Abstract:
Let me begin by thanking CUE and its CEO, Professor Mwenda Ntarangwi, for the singular privilege and honor of inviting me to give this keynote address. I gladly accepted the invitation because the theme of the conference, “Positioning Universities as the nexus of research, innovation and technology transfer for Socioeconomic Transformation” is critical and timely. Also, it speaks to my own interests as a scholar of intellectual history, and as someone who has spent a quarter century as an administrator at six universities in three countries on two continents. Clearly, those of us who studied the humanities and social sciences did not pursue useless subjects as some commentators enamored by vocational and technological education charge; we might have something valuable to say and do about development!
Since my appointment as Vice Chancellor at USIU-Africa, I’ve become more keenly aware that the challenges and opportunities facing the higher education globally have a particular inflection on our countries and institutions that require innovative solutions. Like other industries, higher education around the world is undergoing profound transformations, transitions, disruptions, changes, pick your term, as I note in my book, The Transformation of Global Higher Education: 1945-2015, that examines higher education trends and trajectories on every continent over the past 70 years. This is both good and bad news for us in Africa. The bad news is that we can no longer blithely borrow solutions from abroad. The good news is no one has a monopoly on solutions as everyone is striving to devise new ways of organizing and delivering higher education for the extraordinary demands of the 21st century.

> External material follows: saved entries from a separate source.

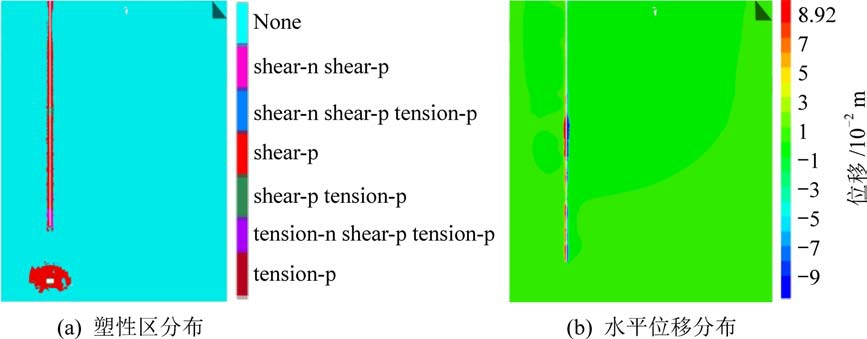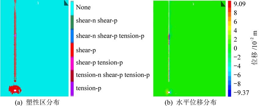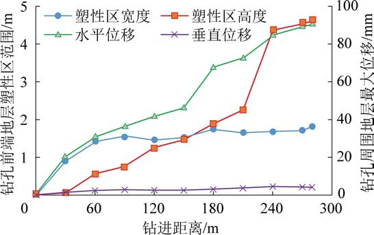 通过对钻进过程每一步的塑性区范围及地层位移数值提取统计,并绘制随钻进距离变化的曲线,如图7 所示。 可以看出,钻进过程围岩的垂直位移变化极小,基本在5 mm 以内,而水平位移随着钻进深度增加逐渐增大,最大可达90 mm。 钻孔前端塑性区宽度受钻进深度影响不大,基本保持在1.5 ~2.0 m,塑性区高度随钻进深度增加呈增大趋势,尤其在岩层强度低或黏聚力小的地层,塑性破坏比较明显,最大高度可达到4.6 m。
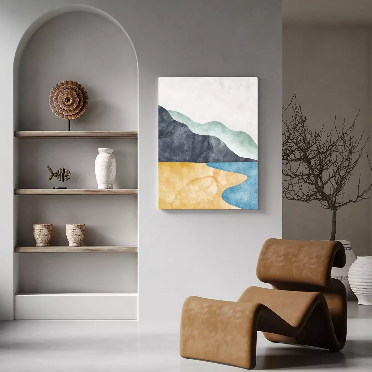 Abstract mountain landscape, Minimalist design. Abstract water color. vector background illustration.
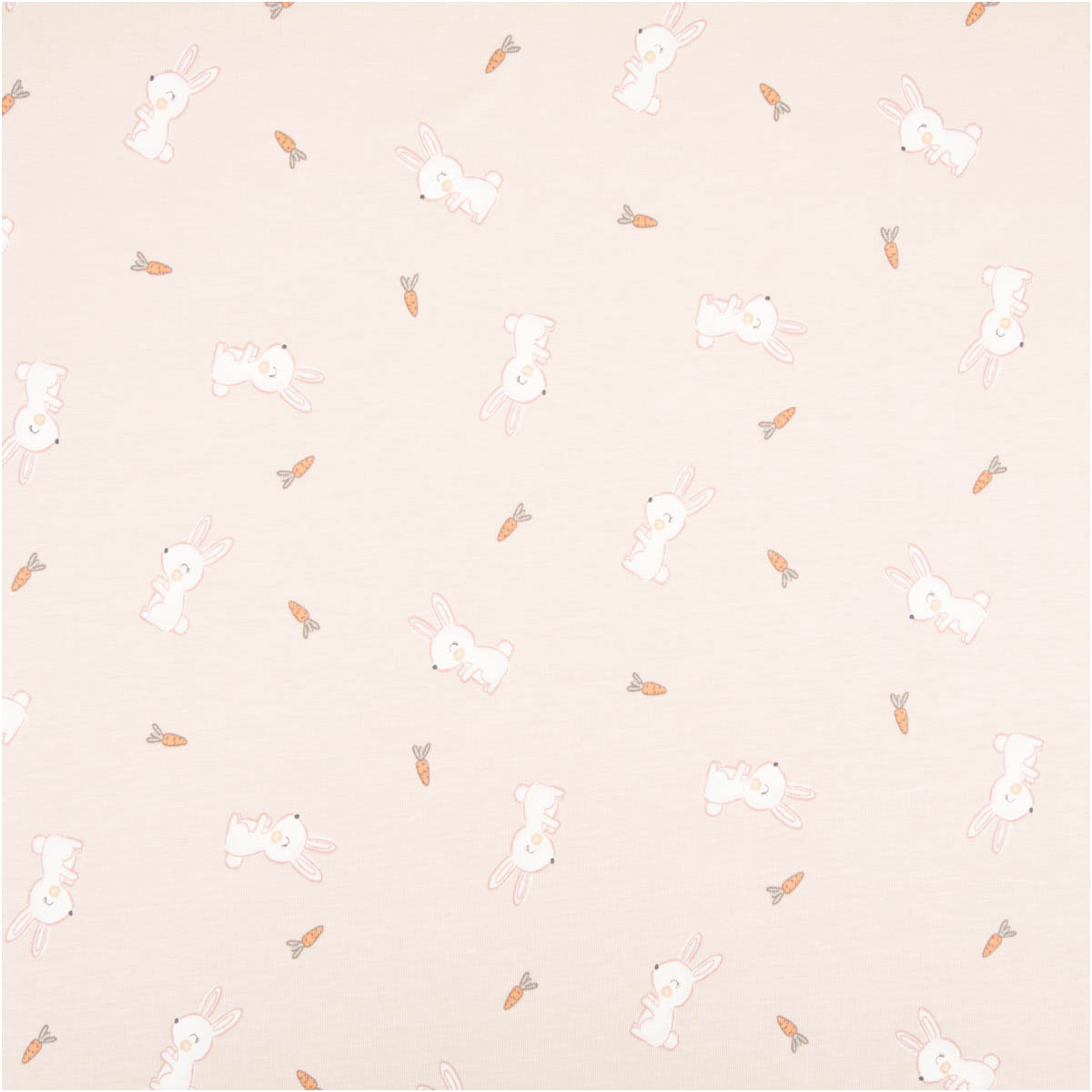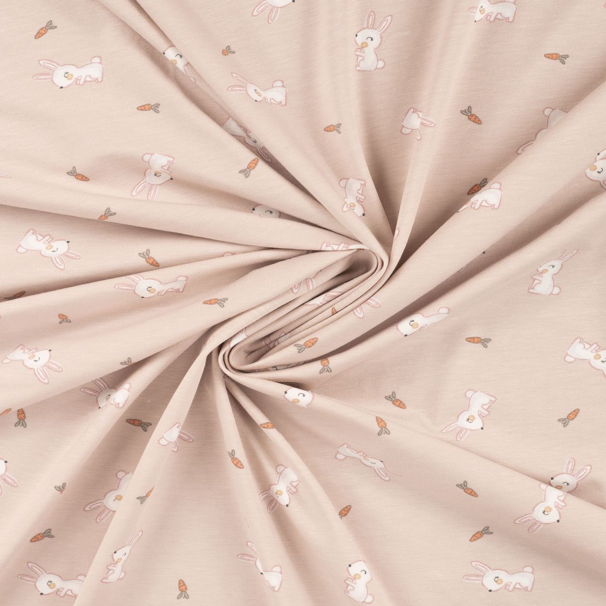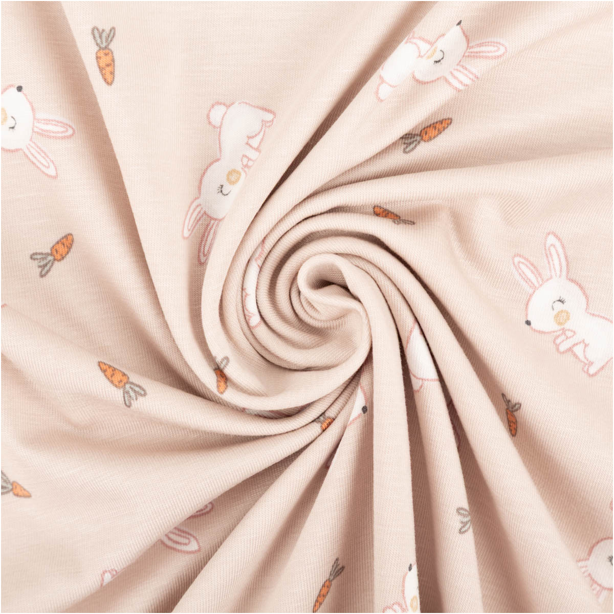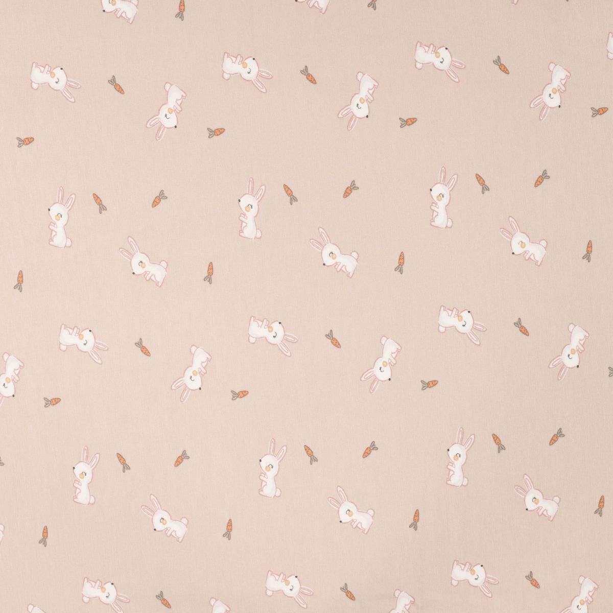 Liebevolles Motiv: weiße Kaninchen und kleine Möhren auf beigefarbigem Grund – süß, modern und perfekt kombinierbar mit Uni-Stoffen.

We have an unprecedented opportunity to invent the future and contribute to the global search for workable models of higher education through serious, systemic, and strategic reflections. The enduring triple dreams of pan-Africanism—self-determination, development, and democracy—find their current articulations in the African Union’s Agenda 2063, various national visions including Kenya’s Vision 2030, and the United Nations Sustainable Development Goals. These projects seek realization in the context of the youth bulge, the cruelties of climate change, and the convulsions of disruptive technologies, in a world characterized by social and political polarizations spawned by the relentless march and pulverizations of inequitable globalization.
In this presentation, I seek to place our discourses about higher education and development in a comparative global context. I will begin with brief reflections on development. This is an important backdrop to any meaningful discussion about the role of universities as engines of innovation for sustainable development and transformation, the topic of my talk. The bulk of my presentation will focus on the value proposition of university education and the ways in which this is reflected in its products, principally the quality of research and graduates. But to realize and sustain their institutional value, universities need enabling resources, capacities and support from all key internal and external stakeholders.
Description:
Paper specially written as Keynote Address, The 2nd Biennial Conference on the State of Higher Education in Kenya, 30th October – 2nd November 2018, Kenya School of Monetary Studies, Nairobi.